With US$2 trillion invested in energy transition projects globally in 2024, one would think that everything was rosy on the net-zero and sustainability front. But when you look more deeply into the numbers, a mix of good and bad news emerges. Jon Moore, CEO (chief executive officer) of green investment analyst firm BloombergNEF, laid out the numbers during the Baker Hughes Annual Meeting 2025 in Florence, Italy. Some areas remain strong, some are weak, and a few have leveled off. Here are the key trends that have emerged:

 

Worldwide Investment Grows

Moore noted that Asia was the biggest investor in energy transition technologies, with China leading the way. European funding, on the other hand, fell in 2024. The Americas experienced 7% growth, but this was a slowing down compared to previous years, due primarily to policy uncertainty, according to Moore.

“Most global investment was in clean energy and green transportation followed by power grids,” said Moore. “Solar energy dominates renewable energy spending, while offshore wind was down 50% in 2024 compared to the previous year.”

Solar energy propelled renewables to record levels in 2024. Out of US$725 billion of funding for renewable energy in 2024 (up from US$675 billion in 2023 and US$382 billion in 2020), solar accounted for around US$500 billion. Mature markets like North America and Europe continued to increase their investment in solar photovoltaic but the real growth came from places like China and Brazil.

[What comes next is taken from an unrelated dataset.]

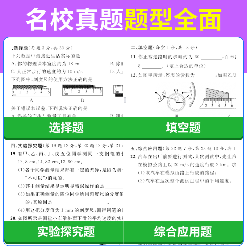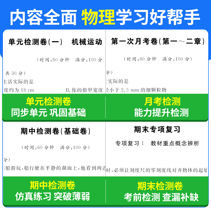 名校课堂单元 卷初中八年级上册物理试卷初二月考期中期末复习考试卷同步教材实验探究综合应用基础知识巩固专项训练提升检测试卷子

Jon Moore, CEO Of BloombergNEF Speaking At The 2025 Baker Hughes Annual Meeting

Energy Storage Soars

Energy storage was the big winner in 2024. It was up 36% compared to 2023 and reached US$54 billion worldwide. Battery pack costs dropped by about 20%, adding impetus to the trend.

Going back a decade, global investment in energy storage was as little as US$600 million. It rose to US$4.7 billion in 2020 and from that point is achieved almost exponential expansion — US$7.5 billion in 2021, US$20.6 billion in 2022, US$39.6 in 2023, and more than US$50 billion now, with no signs of slowing down. After several years of proof-of-concept and small-scale facilities, we are now seeing utilities step up with a series of mega-projects.

“Utility scale projects in energy storage made up 58% of total global investment,” said Moore.

EV (electric vehicle) sales and investments are also strong. EVs continued to post good numbers — 20% increase globally over 2023 despite rumors of Rivian’s financial troubles and anti-Musk sentiment potentially impacting Tesla. Electrified transport spending such as buses and trucks is growing, too, but forms a small portion of the overall pie. The market is being driven by passenger vehicles.

Grid investment was up 15% globally in 2024, achieving a record high of US$390 billion. The US, China, Europe, and Asia were particularly bullish on grid expansion and upgrade funding.

Jon Moore, CEO Of BloombergNEF Speaking At The 2025 Baker Hughes Annual Meeting

The Two-Speed Energy Transition

Moore made the point that a two-speed energy transition is emerging. “Mature sectors like power grids, energy storage, renewable energy, and electrified transport are expanding the most and account for 93% of total investment in the energy transition,” he said. “Emerging or less mature sectors are slowing in some areas and only make up 7% of total investment.”

He’s talking about areas such as nuclear, CCS (carbon capture and storage), hydrogen, and clean shipping. After a peak of US$200 billion in 2023, investment in these areas fell to US$154 billion in 2024.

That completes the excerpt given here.